Жинка мне после говорила: «Как только Левитан огласил Победу, троица твоя чисто утряслась. Пляшут, аж голова отламывается». А я домой притопал только в октябре. Под Прагой нас еще придержали. Выхожу из вагона — она тут как тут. Я ее: «Где ребята?» А она: «Чево их в такую-то темь за собой волочь?» Вот и столкнулись. Живем вроде, не тужим. А твоя-то саранча с кем?
— А у меня, паря, как есть никакого урожая, — глазируя свежий кирпич раствором, сообщил Лука. — Жинка перед муками первым ребенчишком испугалась и скинула. А после — как обрубило…
— Че же тогда приемного какого не взяли? — поинтересовался Изотов. — Сейчас бы уж матицу подпирал.
— А где их? На деревьях не растут.
— Эк, где! — не согласился Изотов. — В приюте! Вон у нас, скажу тебе, Хреновы тут жили. Тоже об этом печалились. В тридцать шестом или тридцать седьмом, дай бог память, ну, когда в Испании буча случилась, у нас тут слух прошел, дескать, сирот раздают. Полетел он с жинкой в Совет. Там им говорят: «Ниче покуда не слышно. Но если и станут раздавать, то до Сибири дело не докатится. На границе еще разберут».
Смешной он, Хренов-то, был. Накручивает ручку телефона в район: «Хренов я, Хренов!» А телефонистка ему: «Ежели будете еще матюкаться, я вам никакого района не дам!»
Спрашивает у меня: «Раз ребятишки в Испании родились, то по-русски, поди, и лопотать не станут?»
— Ну, а после? — окончательно заинтересовался Лука.
— Че после… Посоветовали им, поехали в приют, присмотрели себе мальчонку. Видел я его. Кудря на кудре. Смазливый! Ну, выбрали и куда-то в другой колхоз умотали. Чтоб потом кто из местных огольцу маеты не наделал. Приемный, мол, ты. А так — мать да отец, какие могут быть пересуды? Мало ли на Руси разных историй? Вот где-то в прошлом годе листаю журнал. А там на цветной картинке — баба. Не то узбечка, не то грузинка, но откуда-то оттуда, из теплых краев. Подобрала она в войну ребятишек… сколь бы ты думал? Век не вздогадаешься. Сорок!
— Перекрестись! — не поверил такому Лука. — Куда она с экой-то сорокаротой обузой?
— А куда… Государство ей на подмогу пришло, — объяснил Изотов. — И теперь вот тянутся, растут. На картинке она сидит, а они ее, как муравьи, облепили. Узбек не узбек, русский не русский. Словом, одна нация. И каждый ее матерью навеличивает.

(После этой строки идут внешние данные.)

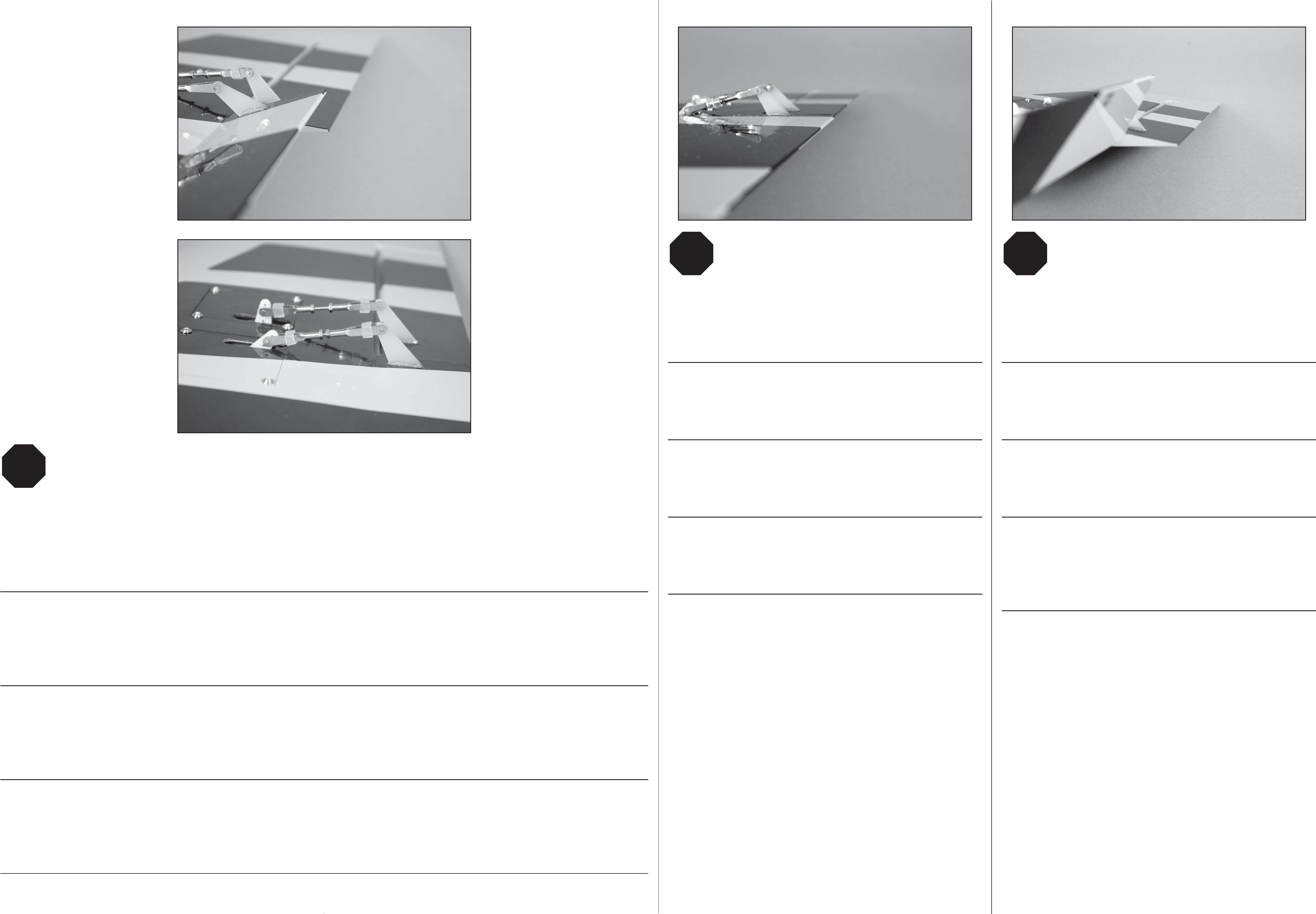 Togliere il nastro che teneva i fl ap in posizione. Usare il radiocomando per centrare i servi. Collegare una forcella in
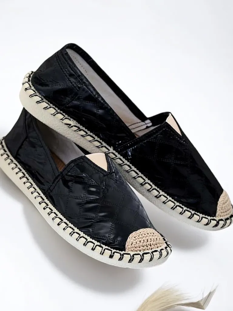 - Wyjątkowe damskie espadryle wykonane z pikowanej tkaniny a’la cerata. Płaska podeszwa zdobiona sznurkiem jutowym zapewnia wygodę. Model wsuwany. Doskonały dodatek do letnich stylówek!
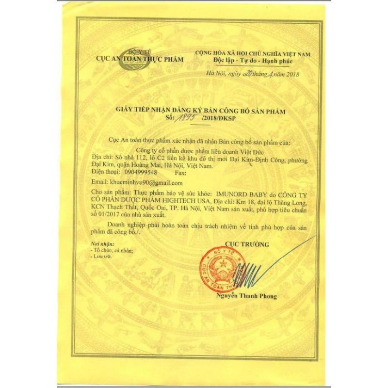 Imunnord baby - giúp ăn ngon miệng, hỗ trợ miễn dịch Thành phần: Beta glucan 1000mg, Zn gluconate 400mg, Vitamin C 20mg

— Да, случаются дивы, — вздохнул Лука и принялся утверждать плиту. На место она одним углом не ложилась, и он на сей раз побил ее мякотью кулака, хотя подобный «струмент» не чествовал и при случае говорил: «Кулак — он дурак, ты эту штуку разумом-умом окрести». Но тут ни с того ни с чего побил…
Как стемнело, Изотов завиноватился:
— Прости уж, Лука Евграфыч, но ко мне «вставай» пришел. Мужики меня нонче опять засватали в пчельник. Все метят медвежьими шубами обзавестись. На этот раз скрадки понаделали на березах. Там будем косматых ворюг ждать.
Ушел Изотов, а Лука что-то притомился, прилег на тугой, не по старым его костям, топчан. Но сон даже не подбирался. Отпугнули его, видно, изотовские притчи про жалостливую узбечку, призревшую целую толпу оголят, и про то, как какой-то подтельниковский мужик с острой огородной фамилией бесхлопотно обзавелся кудреватым ребенком.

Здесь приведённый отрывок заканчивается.